Neutrophils (Polymorphonuclear Leukocytes)
Neutrophils constituting around 60-70% of the total circulating leukocytes and they have a diameter of 12-15µm. Neutrophils are polynuclear in appearance however these lobes are in fact joined. (May have 2-5 lobes however, 3 seems average). Neutrophils are also granular.
Neutrophils are adept at surviving in aerobic conditions, making them useful for killing bacteria and cleaning up debris in low oxygenated environments e.g. inflamed or necrotic tissue.
Neutrophils are relatively short lived with a life span of only 1-4 days, where-after they die by apoptosis.
Neutrophils act as a defence against micro-organism invasion, especially bacteria. They are active phagocytes of small particles and are sometimes known as microphages to distinguish them from macrophages which are larger cells.
Bacteria adhere to neutrophil surfaces, where they are phagocytosed. They then occupy vacuoles within the cell (phagosomes). The granules fuse with the phagosomes releasing their content – enzymes which kill and digest the micro-organisms
Eosinophils
Eosinophils are much less numerous than neutrophils (2-4%). They are characterised by their bilobed nucleus and the high affinity their granules have for eosin.
The role of eosinophils in the immune system is to fight against parasitic organisms (Eosinophils are of much higher concentrations during parasite attacks and allergic reactions). They secrete digestive enzymes directly onto the parasite which may also result in localised tissue damage.
Basophils
Basophils make up less than 1% of the total blood leukocyte count; they are therefore rare to find in blood smears. Their nuclei are divided into irregular lobes which are hard to distinguish because of the overlying granules.

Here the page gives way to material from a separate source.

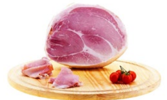
PROSCIUTTO COTTO S. GIOVANNI S. Giovanni cooked ham Cod: 0060039

Basophils contain specific granules which themselves contain heparin and histamine, they are capable of producing leukotrienes (fatty molecules which are used as paracrine/autocrine signalling molecules), these leukotrienes can cause slow contractions of smooth muscle.
It is believed that basophils supplement mast cell function in immediate hypersensitivity reactions by migrating into the connective tissues.
Lymphocytes
Lymphocytes can be classified into two primary groups (depending on their specific surface receptor), either T or B lymphocytes. Both T and B lymphocytes possess specific antigen receptors on their surface, which is important in immunological responses (see later articles for immunology and lymphocytes)
Lymphocytes vary greatly in lifespan, from a few days to years.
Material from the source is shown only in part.